Was there something, perhaps unknowingly, that better prepared you for the short tracks once you arrived at places like Bristol, Martinsville and Richmond (Va.)?
"Probably just the fact that my background was in sprint cars, where throttle control was everything. It's more critical than it is in a Cup car. Having to go through those experiences where you're on the gas hard, using that throttle to really get around the race track, were invaluable. It showed up at Bristol, where you use your right foot a lot."
Part of the reason you've raced well at Bristol is the fact that you've qualified well. How important is it to qualify up front at Bristol?
"It's real important. Track position is a big deal at Bristol because it's so hard to pass. It sure makes your day a lot easier if you can qualify up front and stay there all day."
How do you deal with lapped traffic at Bristol?
"You just have to be real patient. Most of the time they're pretty good about letting you go. It's hard. The track's crowded. But I felt that in traffic was where we excelled at times last year. We seemed to get through traffic at the right times and we were able to pull away afterward. I actually look forward to lapped traffic because I'm able to use it to my advantage."
Because Bristol is so fast and so small and things happen so quickly, are your senses heightened more so than they are at a track like Michigan or Pocono (Pa.)?
"You just don't have time to relax. Everything happens so fast. At the end of the day when the race is done and your adrenaline wears off, you're worn out. But when you're in the car the adrenaline's pumping, you don't get in that smooth, calm rhythm that you do at a place like Michigan or California where you've got big, sweeping corners and long straightaways. There's no time to relax. You don't get that luxury at Bristol. It's standard short track racing."
Does driver fatigue play a bigger role at Bristol than at other tracks?
"There are some other places where it's big, but you hear a lot of drivers talk about how physical Bristol is. If your car's not right it can make for a really long race. If your car's right it's not a big factor. But if it's off, it can be a problem."

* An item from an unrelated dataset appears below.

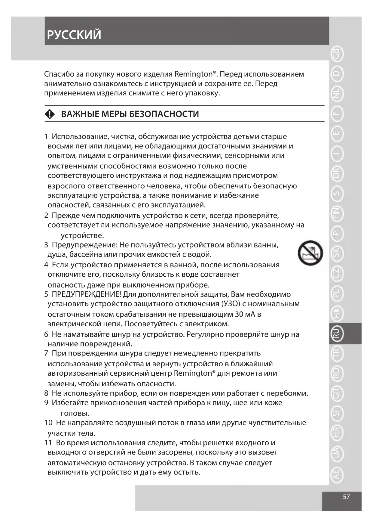 Спасибо за покупку нового изделия Remington®. Перед использованием внимательно ознакомьтесь с инструкцией и сохраните ее. Перед применением изделия снимите с него упаковку.

Lots of new tracks have been built in the last decade, but they've all been a mile or over a mile in length. Why do you think no one has built another short track like Bristol?
"I'm not sure you could build another Bristol. But I think the biggest reason is that track owners and promoters are trying to build bigger race tracks so that they can get more seats around 'em."
Would you like to see more short tracks on the schedule?
"I'd like to see some new short tracks come up. Everybody that's building new facilities are building great facilities, but it would be nice to see someone build a smaller track that could hold the same amount of people like they do at Bristol. But everybody's building these big, huge monster venues."